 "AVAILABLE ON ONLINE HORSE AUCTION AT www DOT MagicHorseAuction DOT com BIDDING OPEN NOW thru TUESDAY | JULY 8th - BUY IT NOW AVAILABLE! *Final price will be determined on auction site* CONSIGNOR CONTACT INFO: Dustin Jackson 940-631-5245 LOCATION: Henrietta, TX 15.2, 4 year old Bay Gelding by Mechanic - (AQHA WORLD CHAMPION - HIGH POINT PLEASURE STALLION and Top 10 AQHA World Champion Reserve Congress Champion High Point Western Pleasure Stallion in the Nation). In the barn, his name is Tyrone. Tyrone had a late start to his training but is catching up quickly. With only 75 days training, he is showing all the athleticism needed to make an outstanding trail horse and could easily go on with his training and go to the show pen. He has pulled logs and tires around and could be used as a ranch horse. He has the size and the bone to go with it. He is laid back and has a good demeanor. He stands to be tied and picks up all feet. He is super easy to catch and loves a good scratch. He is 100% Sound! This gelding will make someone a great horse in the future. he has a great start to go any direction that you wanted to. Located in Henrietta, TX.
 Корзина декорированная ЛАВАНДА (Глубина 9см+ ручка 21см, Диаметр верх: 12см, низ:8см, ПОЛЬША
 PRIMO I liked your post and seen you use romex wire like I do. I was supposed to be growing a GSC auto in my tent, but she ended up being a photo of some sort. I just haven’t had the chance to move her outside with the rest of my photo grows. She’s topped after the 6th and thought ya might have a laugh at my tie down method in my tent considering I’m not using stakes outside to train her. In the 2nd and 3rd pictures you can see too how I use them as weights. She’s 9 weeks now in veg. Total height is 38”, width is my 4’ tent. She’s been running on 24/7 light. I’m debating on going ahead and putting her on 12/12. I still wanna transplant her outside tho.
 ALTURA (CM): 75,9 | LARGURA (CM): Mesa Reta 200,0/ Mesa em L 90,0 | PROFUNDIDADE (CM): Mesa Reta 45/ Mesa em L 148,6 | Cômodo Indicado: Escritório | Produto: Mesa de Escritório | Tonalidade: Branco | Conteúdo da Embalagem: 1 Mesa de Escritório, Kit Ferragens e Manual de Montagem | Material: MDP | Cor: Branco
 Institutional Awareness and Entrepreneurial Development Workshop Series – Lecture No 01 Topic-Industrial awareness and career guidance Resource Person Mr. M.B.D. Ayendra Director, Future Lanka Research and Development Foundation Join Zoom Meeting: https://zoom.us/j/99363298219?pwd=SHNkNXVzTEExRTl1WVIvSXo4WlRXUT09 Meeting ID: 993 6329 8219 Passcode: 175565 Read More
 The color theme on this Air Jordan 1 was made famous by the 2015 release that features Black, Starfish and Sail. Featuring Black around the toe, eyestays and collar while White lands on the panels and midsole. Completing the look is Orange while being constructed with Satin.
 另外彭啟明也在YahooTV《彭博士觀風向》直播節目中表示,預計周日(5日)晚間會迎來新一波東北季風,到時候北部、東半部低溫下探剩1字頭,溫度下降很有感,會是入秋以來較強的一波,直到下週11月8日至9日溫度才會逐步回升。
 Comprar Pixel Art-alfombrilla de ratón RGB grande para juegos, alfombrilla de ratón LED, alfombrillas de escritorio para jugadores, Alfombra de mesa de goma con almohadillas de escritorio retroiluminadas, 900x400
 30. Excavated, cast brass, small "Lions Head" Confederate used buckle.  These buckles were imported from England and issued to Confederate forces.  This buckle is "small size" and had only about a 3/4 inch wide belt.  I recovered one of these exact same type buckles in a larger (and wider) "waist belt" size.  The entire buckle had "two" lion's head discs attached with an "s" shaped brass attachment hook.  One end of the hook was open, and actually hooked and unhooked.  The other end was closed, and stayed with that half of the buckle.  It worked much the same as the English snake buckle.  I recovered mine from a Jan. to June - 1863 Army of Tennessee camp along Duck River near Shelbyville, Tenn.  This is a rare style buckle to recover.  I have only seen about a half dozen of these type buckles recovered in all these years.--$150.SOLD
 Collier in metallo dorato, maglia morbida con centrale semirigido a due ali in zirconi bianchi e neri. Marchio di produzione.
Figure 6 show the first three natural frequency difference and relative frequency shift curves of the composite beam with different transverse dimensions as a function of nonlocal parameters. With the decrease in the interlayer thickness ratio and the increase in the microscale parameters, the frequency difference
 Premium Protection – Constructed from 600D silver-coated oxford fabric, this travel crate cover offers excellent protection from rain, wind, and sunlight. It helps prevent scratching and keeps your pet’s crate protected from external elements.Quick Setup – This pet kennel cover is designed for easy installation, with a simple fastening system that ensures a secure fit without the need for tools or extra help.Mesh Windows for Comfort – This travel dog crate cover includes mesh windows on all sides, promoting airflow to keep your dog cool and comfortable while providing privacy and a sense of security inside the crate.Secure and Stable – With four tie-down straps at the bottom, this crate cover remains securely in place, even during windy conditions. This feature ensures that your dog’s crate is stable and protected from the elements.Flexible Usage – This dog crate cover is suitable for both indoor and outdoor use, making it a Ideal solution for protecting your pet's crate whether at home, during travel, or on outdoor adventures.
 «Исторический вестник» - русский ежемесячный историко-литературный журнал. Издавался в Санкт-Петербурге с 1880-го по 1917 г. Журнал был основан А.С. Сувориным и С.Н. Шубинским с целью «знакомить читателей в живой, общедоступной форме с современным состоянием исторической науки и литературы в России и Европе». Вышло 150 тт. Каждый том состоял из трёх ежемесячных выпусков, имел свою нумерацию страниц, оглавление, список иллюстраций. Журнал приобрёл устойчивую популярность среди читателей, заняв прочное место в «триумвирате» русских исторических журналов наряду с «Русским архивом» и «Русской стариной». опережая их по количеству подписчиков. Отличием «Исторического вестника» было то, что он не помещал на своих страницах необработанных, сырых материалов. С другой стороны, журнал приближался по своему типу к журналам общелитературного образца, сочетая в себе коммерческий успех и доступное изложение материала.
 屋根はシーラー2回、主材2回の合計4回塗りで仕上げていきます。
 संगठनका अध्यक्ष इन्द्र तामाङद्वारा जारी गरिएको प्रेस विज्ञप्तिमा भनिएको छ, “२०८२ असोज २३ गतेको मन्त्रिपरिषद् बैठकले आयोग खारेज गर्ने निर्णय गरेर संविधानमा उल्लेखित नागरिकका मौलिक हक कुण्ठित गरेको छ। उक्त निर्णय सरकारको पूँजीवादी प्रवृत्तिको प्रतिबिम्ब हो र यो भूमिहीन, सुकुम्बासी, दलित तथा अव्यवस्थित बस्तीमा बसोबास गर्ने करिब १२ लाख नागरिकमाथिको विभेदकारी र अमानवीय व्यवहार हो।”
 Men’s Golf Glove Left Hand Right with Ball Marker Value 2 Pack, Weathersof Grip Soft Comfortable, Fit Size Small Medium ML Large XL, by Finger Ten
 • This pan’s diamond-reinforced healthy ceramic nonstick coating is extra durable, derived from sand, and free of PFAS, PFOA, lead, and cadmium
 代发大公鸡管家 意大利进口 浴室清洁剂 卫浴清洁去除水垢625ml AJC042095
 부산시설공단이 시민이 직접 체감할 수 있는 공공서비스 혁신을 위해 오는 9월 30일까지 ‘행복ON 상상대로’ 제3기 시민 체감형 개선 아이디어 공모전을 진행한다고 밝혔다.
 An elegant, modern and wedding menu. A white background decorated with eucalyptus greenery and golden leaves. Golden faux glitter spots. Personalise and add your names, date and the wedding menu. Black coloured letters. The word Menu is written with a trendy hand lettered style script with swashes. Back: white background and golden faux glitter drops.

━━━━━━━━━━━━━━━━

### How to complete this task:
Please make your reply exactly the lines from the one containing "代发大公鸡管家 意大利进口 浴室清洁剂 卫浴清洁去除水垢625ml AJC042095" through the end of the entries above, and nothing more.

### Answer space:
 代发大公鸡管家 意大利进口 浴室清洁剂 卫浴清洁去除水垢625ml AJC042095
 부산시설공단이 시민이 직접 체감할 수 있는 공공서비스 혁신을 위해 오는 9월 30일까지 ‘행복ON 상상대로’ 제3기 시민 체감형 개선 아이디어 공모전을 진행한다고 밝혔다.
 An elegant, modern and wedding menu. A white background decorated with eucalyptus greenery and golden leaves. Golden faux glitter spots. Personalise and add your names, date and the wedding menu. Black coloured letters. The word Menu is written with a trendy hand lettered style script with swashes. Back: white background and golden faux glitter drops.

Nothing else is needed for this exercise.